Pursing his lips, King dragged his gaze from the two scraps of burgundy lace beneath the gaping shirt—which looked a hell of a lot better on her than it did on him, he decided—before considering her question.

Quite simply that music always reminded him of his mother. It had been her favourite piece, too. Her albums were just some of the many personal things she had left behind when she had walked out that day, what seemed a lifetime ago, never to return.

He’d been five years old and nursing homesickness so acute he’d thought he’d die from the ache inside him. Because that was how it had felt when she had left. As if she’d ripped out his heart and taken it with her, or as if someone had robbed him of his home. He remembered standing at the window, day after day, with Mitch constantly playing and replaying that music, waiting for her to turn the corner of the street as if she had just been to the shops, waiting for her familiar smile, her wave—waiting for her to come home.

But Rayne had asked him what it made him think about and he had to give her an answer.

‘Things I couldn’t have,’ he replied heavily, but honestly now.

The rawness in his voice had Rayne searching his face for any clue to his emotions as he leaned back against the cushions, staring out of the oblong window at the sun-streaked water. He looked so distant and so bleak that she wanted to stretch out a hand and touch his cheek, ease the loneliness
she sensed lay hidden inside him, buried in a place too deep for her to reach.

‘What sort of things?’ she whispered, wise enough to realise that he wasn’t talking about anything that money or influence or power could buy.

He smiled then, giving her his full attention, shrugging off what she knew was a moment of regretted weakness.

‘Never you mind,’ he dismissed lightly. ‘So what about you?’ he prompted from behind that impervious shell of his, although the teasing crept back into his voice as he continued, ‘What did you dream about when you drove your family and friends—and probably the whole neighbourhood,’ he said with a grimace, ‘mad with Dvorák’s New World Symphony?’

You.

She couldn’t say it as she met those steel-blue eyes. Couldn’t tell him that she used to imagine him sweeping her up in his arms one day when she had pretended to lose her way and wandered deliberately into his office. Imagined him carrying her off to a luxurious bed somewhere where he would slowly undress her, kissing and stroking each area of sensitive flesh he had uncovered. And all the time this music would be playing, its swelling crescendo the moment he made her his, with his deep voice whispering between kisses the one thing she craved to hear him say.

I love you.

From her wild imaginings, those three words suddenly took on a startlingly new meaning, coming as they did from the depth of her own feelings and shocking her with their intensity.

I love him,
she thought,
which is why I never stopped hurting when I believed how much he had hurt Dad. I’ve always loved him! I love him now! And I always will!

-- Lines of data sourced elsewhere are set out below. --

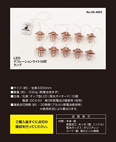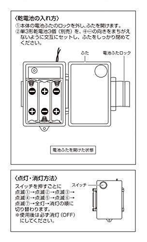 製品サイズ:(約)3300mm仕様:光源/チップ型LED(発光ダイオード)10個、電源/DC4.5V 単3形乾電池3個使用(別売り)連続点灯時間:(約)6時間(アルカリ乾電池使用時)※消し忘れ防止のため、約6時間で自動消灯します。点灯時間:(約)30時間(アルカリ乾電池使用時)※使用状況により異なります。材質:本体/鉄、表面加工/めっき(銅・ニッケル)、電池ボックス/ポリスチレン、コード/銅・塩化ビニル原産国:中国
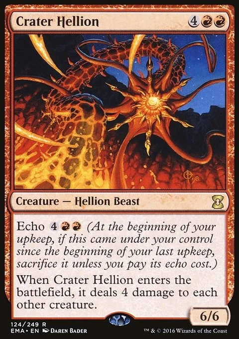 When Crater Hellion enters the battlefield, it deals 4 damage to each other creature.
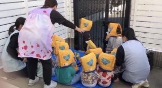 2025.12.24 【第三保育園】避難訓練 午前おやつ前に地震が起きた想定で避難訓練を行いました。 1歳児さんは、訓練前に机の下に入る練習を何度かしていたので、素早く入る子がほとんどでしたが、まだ戸惑って動けなくなってしまう子もいました。 2歳児さんは保育者の声掛けですぐにその場でダンゴムシのポーズをとって集まることが出来ました。 外へ避難してからは、しっかり防災頭巾をかぶって落ち着いて座っていることが出来ました。
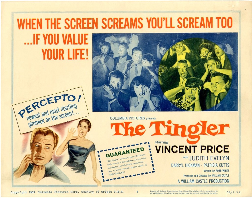 William Castle toyed with other ideas to frighten audience members, in addition to ‘percepto‘; among them: rolling bean bags to brush against the legs of audience members, speakers mounted at different areas that would give a ‘screech‘ when the tingler appeared, and possibly even using ‘shills’ to operate some type of mechanical device to tickle the legs of the audience members; but the only viable way of doing it was by attaching buzzers in select seats to coincide with the appearance of the tingler- ‘percepto‘.
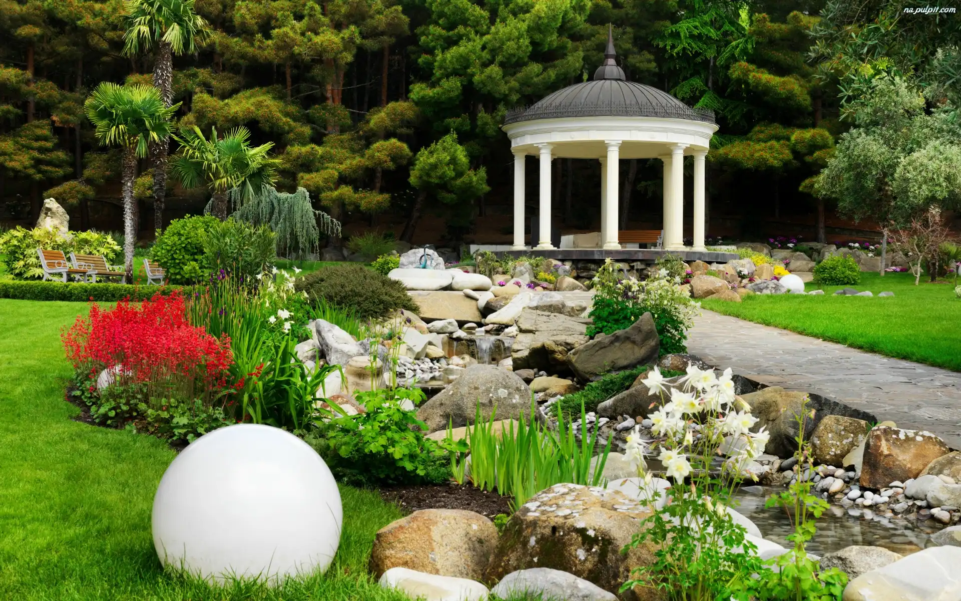 Klomby, Kwiaty, Strumyk, Park, Kamienie Na Pulpit
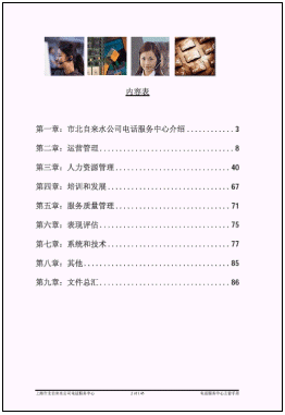 b) 現(xiàn)代客戶服務(wù)中心的管理框架已經(jīng)基本形成。我們?yōu)槭斜弊詠硭蛻舴⻊?wù)中心編輯了一套呼叫中心運(yùn)營管理手冊,其中分為經(jīng)理版和客戶服務(wù)代表版,其中包含了呼叫中心的規(guī)章制度,運(yùn)作流程,人力資源管理等內(nèi)容。
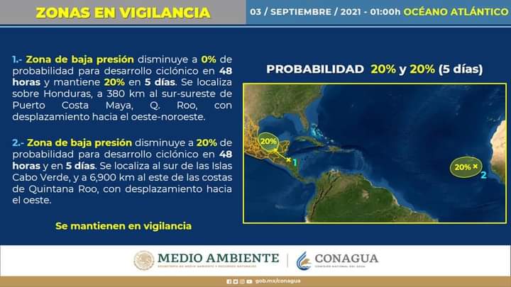 Chetumal, Quintana Roo, viernes 03 de septiembre del 2021, poderycritica.- Con base en el Servicio Meteorológico Nacional, la COEPROC informa que zona de baja presión del mar Caribe, ubicada a 380 kilómetros de las costas de Quintana Roo, mantiene baja probabilidad de evolucionar en un sistema ciclónico, 0% a 48 horas y 2O a cinco días.
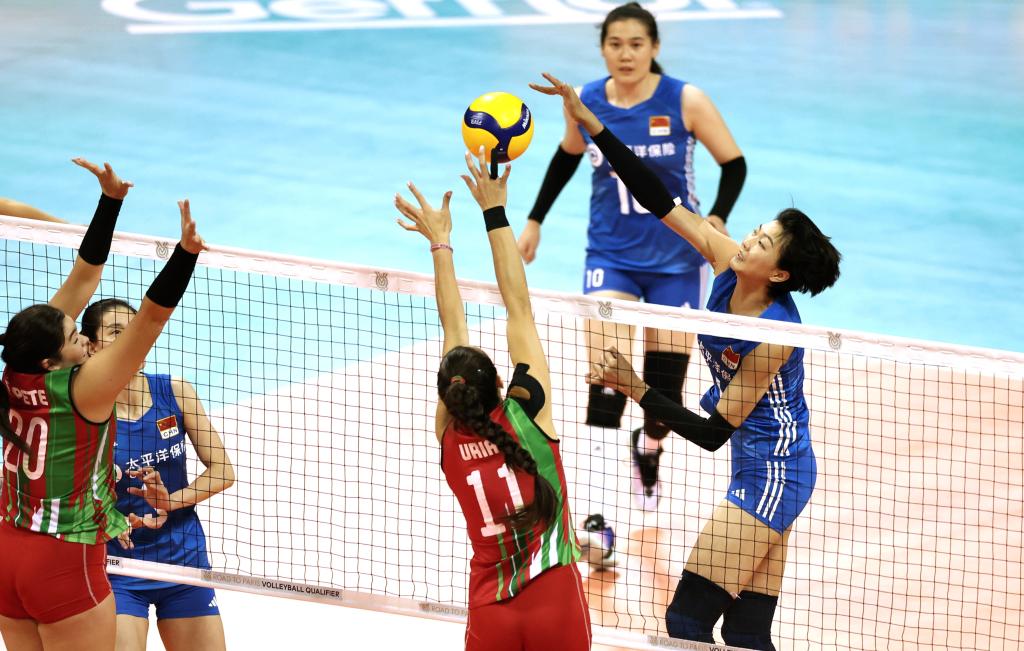 9月17日,中国队球员袁心玥(右一)在比赛中扣球。当日,在浙江省宁波市举行的巴黎奥运会女排资格赛A组比赛中,中国队以3:0战胜墨西哥队。新华社记者 陈斌 摄
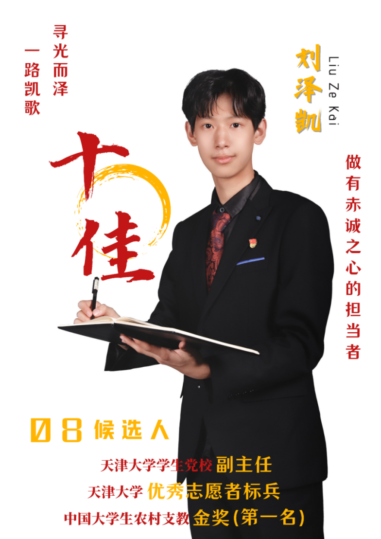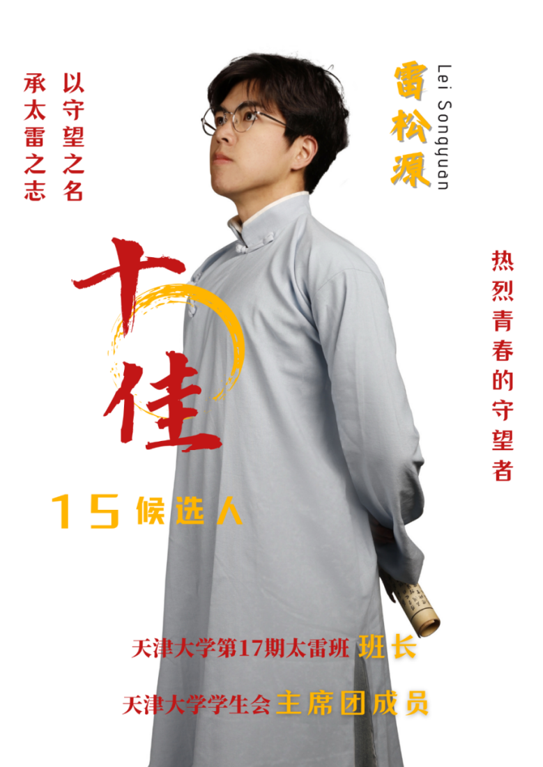 事迹精要:曾连续担任天津大学学生会主席团成员,本科毕业赴甘肃宕昌支教一年。现任班级党支部书记、第17期太雷班班长。他将服务同学的初心从学校带到西部,再将服务西部的情怀从西部带回校园,用热爱续写天大青年的责任担当。
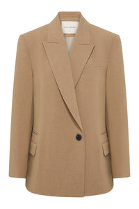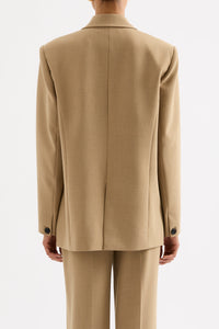 The Mercer Blazer is made from a premium tailoring fabrication which has a slight stretch and a smooth handfeel. The silhouette is a structured double breasted shape with classic sloped shoulder, relaxed fit body & full length sleeve. Features include traditional tailoring detailing throughout, tailored vents at sleeves and back of body, double pocket detail and Nude Lucy branded buttons.
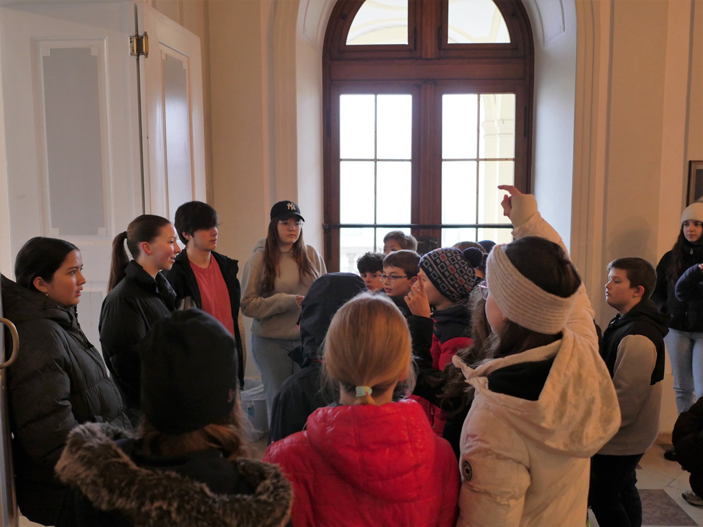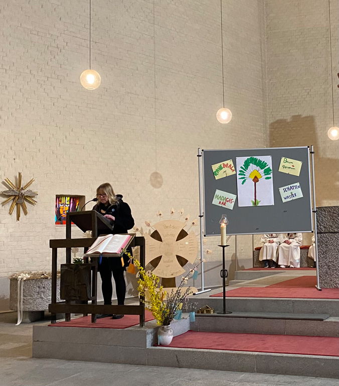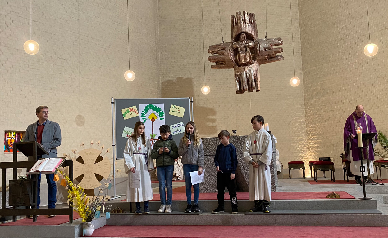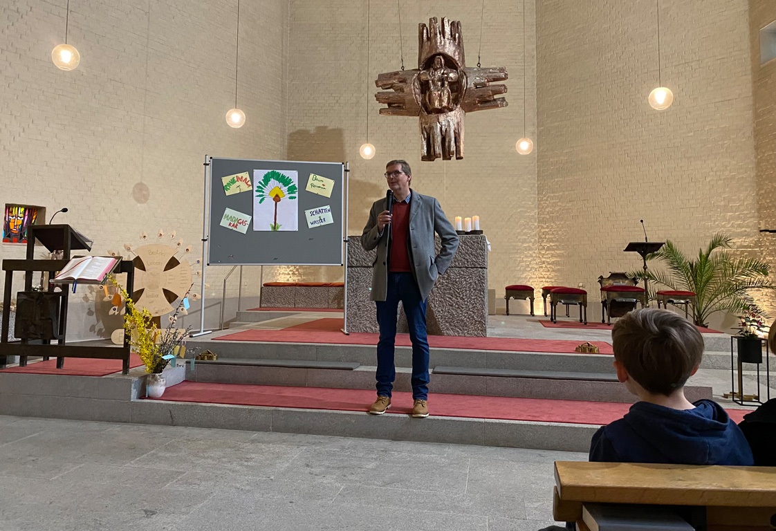 Nach der Pause machten sich alle Schüler/-innen zusammen mit ihren Lehrer/-innen auf den Weg in die Ostergottesdienste. Die evangelischen Schüler/-inner feierten in der Schlosskirche St. Josef, wo André Urbanczyk eine Osterfeier gestaltete, die Elmar Slama musikalisch umrahmte. In der Hacklberger Kirche St. Konrad besannen sich die katholischen Schüler/-innen auf Ostern bei einer Eucharistiefeier, die Pfarrer Christoph Fuchs zelebrierte. Vorbereitet hatte den Wortgottesdienst unser Schulleiter Johannes Fuchs mit der Klasse 5b. Christoph Rose begleitete mit einem Team, bestehend aus einem kleinen Chor und verschiedenen Instrumentalisten, den Gottesdienst musikalisch.
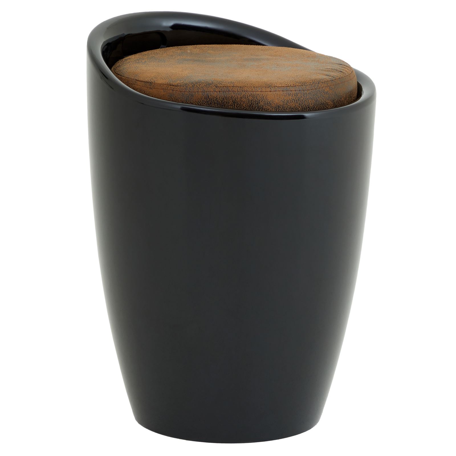 | Libellé | Tabouret DANIEL pouf rond avec rangement et assise rembourrée, structure en plastique noir et revêtement en tissu brun vintage |
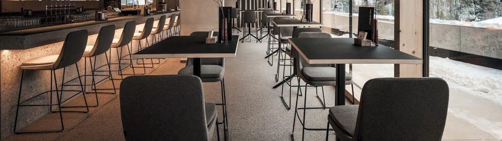 sisch bishin zumodern UnterschiedlicheUntergestelle, verschiedeneSitzhöhenund Ausführungen ermöglichen den flexiblen EinsatzinCafés,in Restaurants,imBarbereichoder imHotel.
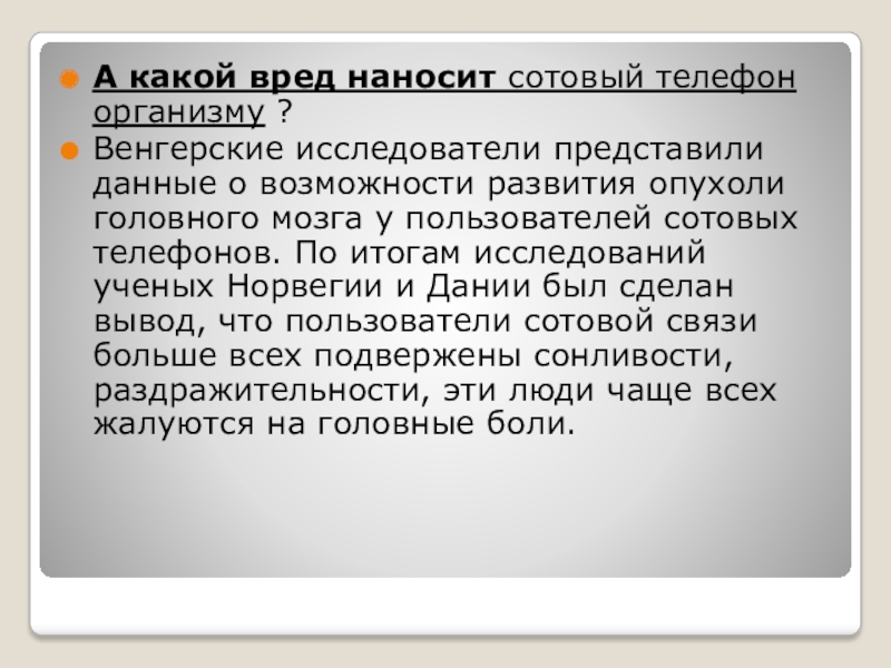 о возможности развития опухоли головного мозга у пользователей сотовых телефонов. По итогам исследований ученых Норвегии и Дании был сделан вывод, что пользователи сотовой связи больше всех подвержены сонливости, раздражительности, эти люди чаще всех жалуются на головные боли.
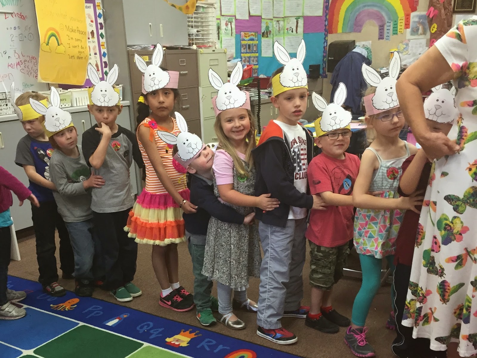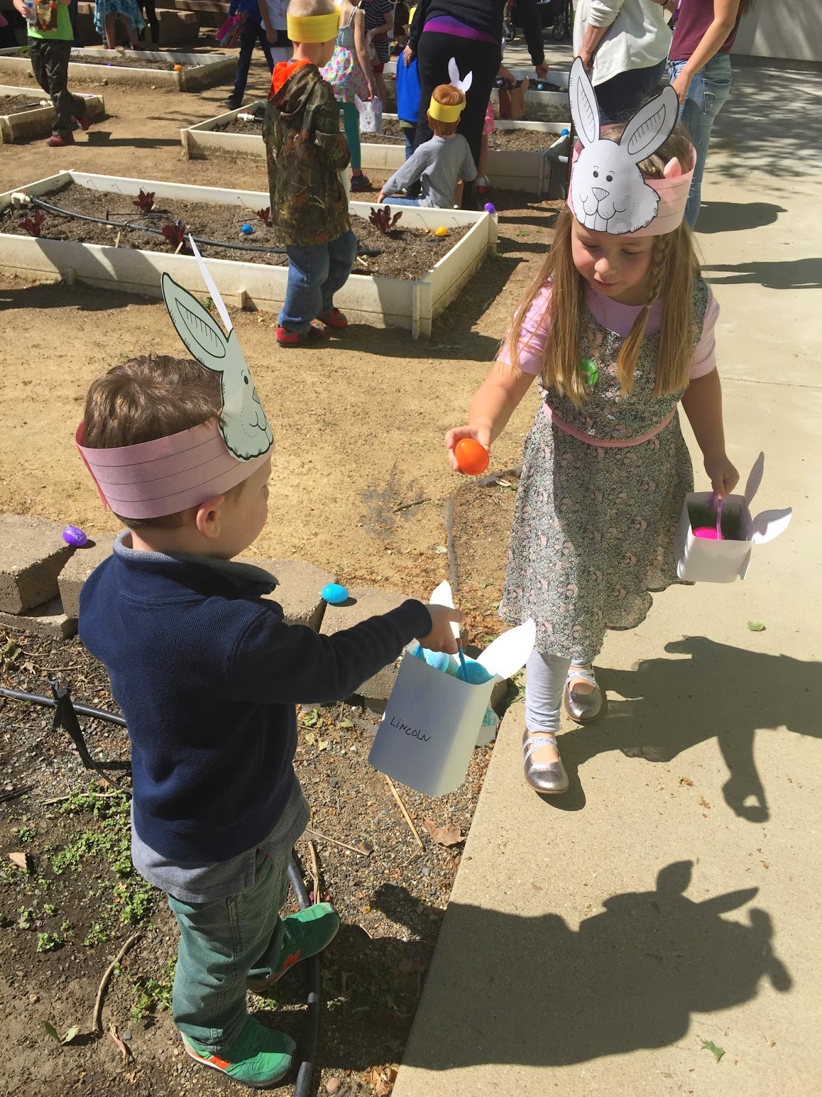 We kicked off Easter week with a little Easter party for Isabelle’s kindergarten class. Linc was allowed to tag along for a few hours and he was seriously so excited to be with the big kids. He sat on the rug, stood in line- I swear it was the best behaved he has ever been. The kids went to recess while we set up the room and there was NO WAY he was staying behind. They made the cutest little Easter baskets with real grass growing in them. Kindergarten, you are adorable.
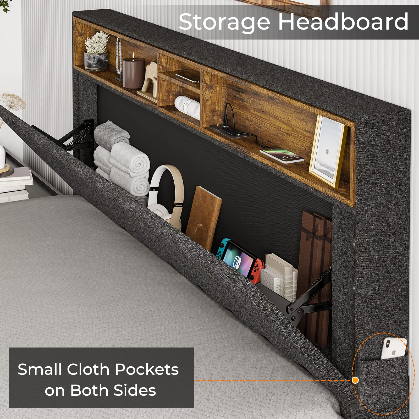 【Furniture】Nightstands Wireless Charging Station and LED Lights, Modern End Side Table with 3 Drawer
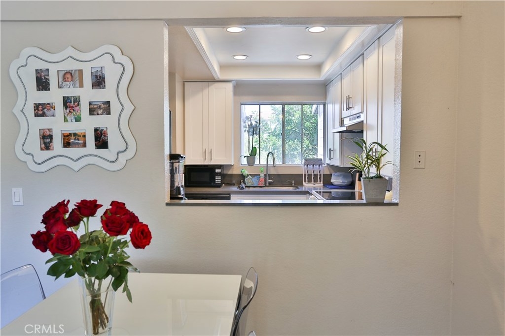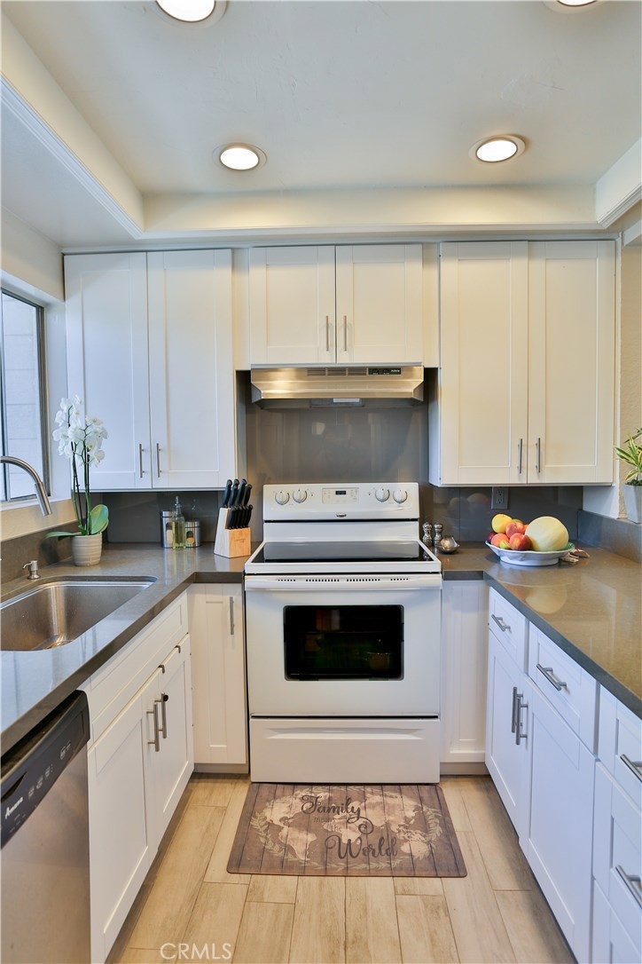 Welcome Home to your darling, upgraded condo in a peaceful neighborhood! Just walk a few steps from your designated parking spot to the staircase that takes you to Home Sweet Home. Enter through the multi-paneled front door and feast your eyes on the gorgeous new porcelain tile flooring. The kitchen boasts new custom cabinets, quartz countertops, stainless steel dishwasher, sink, exhaust hood, and new faucet. Cooking is a joy with your range and serving is easy with a pass-through window. The main open-layout area comprises a living room and dining area with scraped, vaulted ceiling and new, modern light fixture. A slider opens to the balcony with a delightful view of green grass, trees and Craycraft Park, and access to the laundry closet with w/d hookup. The spacious master bedroom features a closet and a large window with a park view. The guest bedroom also has a closet and a large window with a view of trees and the parking lot. The stylish bathroom is fashionably upgraded with modern sink/vanity and bathroom fixtures, new lighting, mirror and medicine cabinet, and ceramic tile on the wall over the shower-in-tub. Other upgrades include: a completely repiped condo with new pressure regulator and valves; new water heater; and a newer Energy Star A/C unit. The monthly HOA fees include access to Lake Mission Viejo and all that it has to offer. Minutes away from three freeways and a short, 20-minute drive to the beach. Perfect as a starter home or as an investment. Hurry!
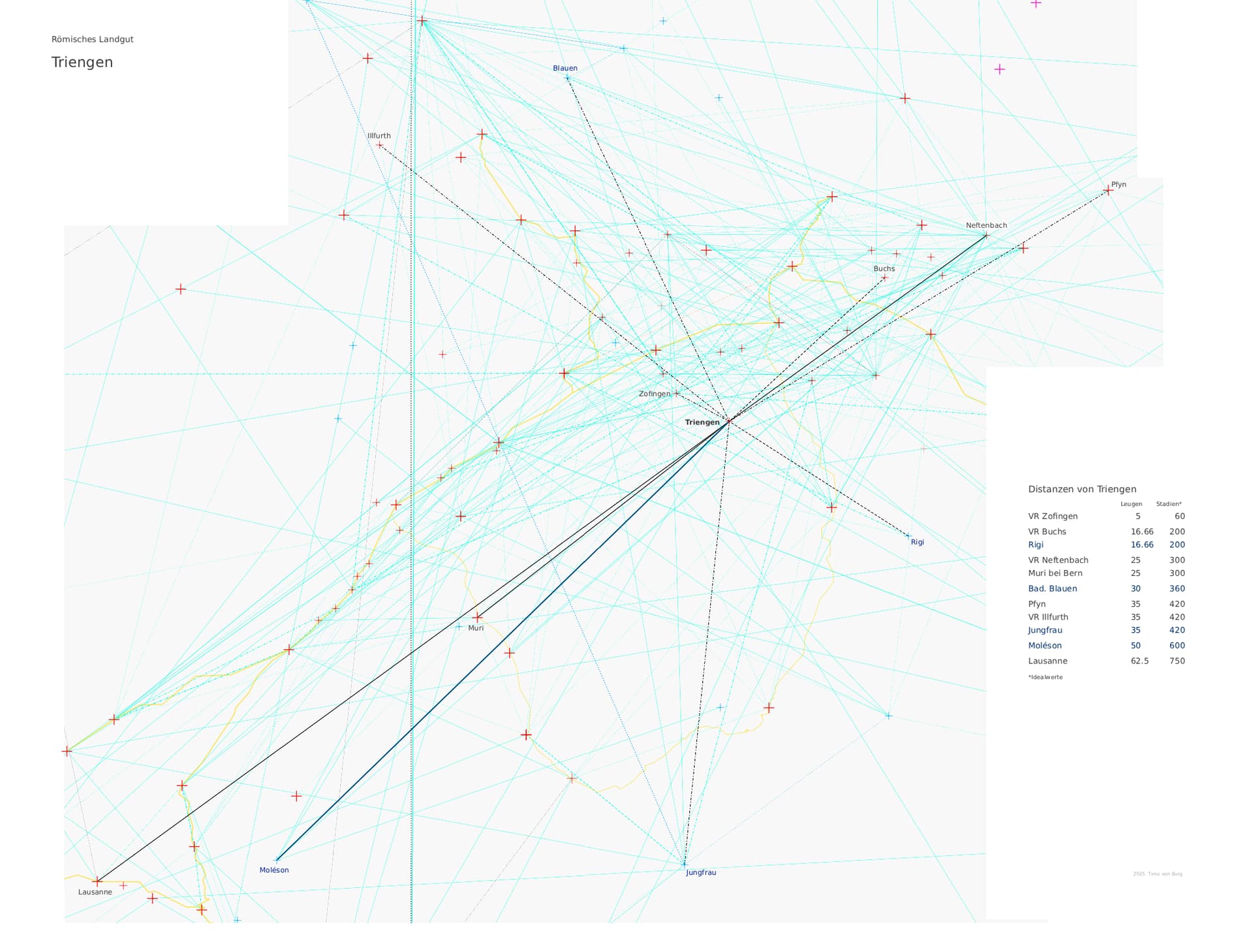 Aber das bringt mich noch auf eine andere Frage: welchen Nutzen haben sie davon gehabt das alles so genau zu vermessen und dann Solothurn genau da zu gründen? Es ist doch ein erheblicher Aufwand erst mal drei Berge zu finden, und dann warten, bis man sie unter optimalen Bedingungen überhaupt anpeilen oder gar besteigen konnte. Diese dann genau zu vermessen um solche Dreiecke reinzulegen. Nur um festzulegen, wo eine Siedlung entstehen soll.

The feeling swelled and grew, the realisation of how little she knew about him, not to mention for how short a time, not mattering one iota. She’d been made for him and she had
known it from the second she had first laid eyes on him all those years ago.

The knowledge held her rigid, every second that she stayed conveying to him how hopelessly ensnared she was, but she couldn’t move or tear her gaze from the mesmerising depths of his.

She knew what a temptation she must look with the shirt he’d lent her hanging open and revealing her scanty underwear. And she knew he obviously thought so too when his mouth compressed with some inner satisfaction as he allowed himself a visual journey of her rapidly rising breasts to the dark triangle of satin at the juncture of her thighs, his eyes flickering with masculine appreciation beneath the dark sweep of his lashes.